The title Kung Fury doesn’t necessarily conjure images of a potential Kung Fu classic movie, more like a tongue in cheek martial arts spoof such as the likes of Kung Pow. Films of this style of humour are enjoyable and have their niche and Kung Fury is one of those films, BUT (note the big but) brings a different twist to its comedy kick. You will watch it, you will watch it again. You will start quoting lines from it with your mates. It will become a classic before anyone knows what’s going on. If it doesn’t, then just set a Lazer Raptor on me.
Kung Fury rips off on 1980s film action and arcade game stereotypes.
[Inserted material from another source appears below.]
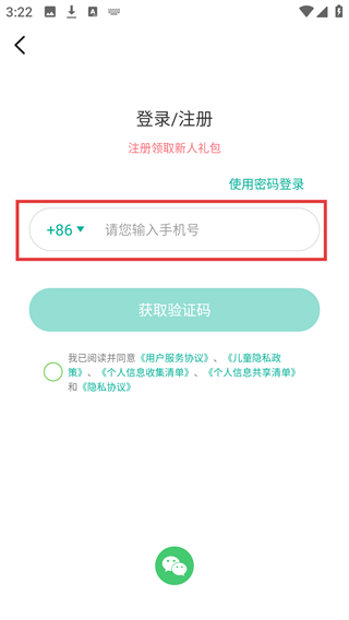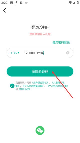 4、在【登录/注册】页填好手机号并勾选协议后,点击【获取验证码】按钮,即可获取登录所需的验证码。
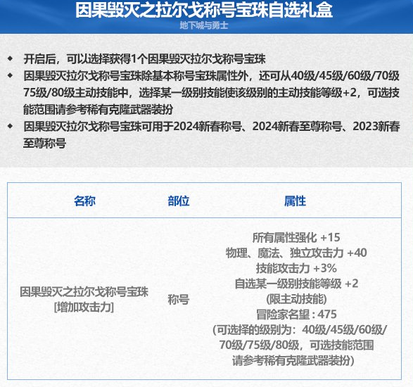 dnf因果毁灭拉尔戈称号宝珠可以在2024新春礼包商店使用35个梦境结晶兑换获得

Our hero, talks in a low, gruff voice while donning jeans, a t-shirt, leather jacket (with the sleeves rolled up) leather fingerless gloves topped off with a red head band. He’s like a cross between Ryu from Street Fighter 2 and Axel from Streets of Rage. He fights with shades on, even in the dark and has serious martial arts skills, though heavily assisted by CGI. In this case it’s not necessarily a bad thing. I usually not a fan of CGI or too much wire work in martial arts films but here it enhances the absolutely absurd action and is done very, very well. My favourite scene is when Kung Fury takes on a huge hoard of Nazi’s (yup….Nazi’s), taking each one out in a deadly but stylish martial arts move that would make any character from Mortal Kombat balk and go running for the sick bag.
From the opening sequence, I found myself laughing hysterically – in a good way – while punching the air in salute to its awesomeness. You are immediately treated to the tone for the rest of the film via the intentionally aged footage to make it look like you’re watching an old favourite 1980s actioner on VHS tape. I was amazed at the attention to detail from the 80s costumes to the way that Kung Fury’s digs are decked out.
I am desperately not trying to give anything away as this film will blow your mind, but I should at least give you a run down of the story. Ok, erm, here goes……our hero is a cop. He’s on the trail of some Ninja assassin (played by Eos Karlsson) whom he corners into an alley with his cop partner Dragon. Dragon subsequently gets killed adequately enough to ensure that he won’t be in Kung Fury 2 unless it’s in a flashback.
The hero is next, but luckily he gets struck by lightning while simultaneously getting bitten by a cobra just before the ninja can strike. (I’m giggling to myself while I type this.) I say lucky, as the result is that our man turns into Kung Fury, a Kung Fu freak of nature! Are you with me so far? Ok, it goes on; in the 1940s Hilter is some kind of Kung Fu badass but wants the power of the Kung Fury and so travels forward in time Terminator style to kill our hero and to get his power. Hitler murders pretty much an entire cop precinct in the best improbable assassination method I’ve ever seen, but still manages to miss Kung Fury! Fury subsequently finds a way to travel back in time with the intention to revenge-kill Hitler. Trust me when I say that it gets weirder.
The film was written and directed by David Sandberg, who also plays the title role. It is just under half an hour long filled with over the top action, comic genius and some pretty awesome martial arts scenes. I genuinely really enjoyed it, but must be taken with a pinch of salt. At the time of this review, Netflix customers can view it. I have been talking like and quoting Kung Fury for over a week now and still haven’t got bored of it.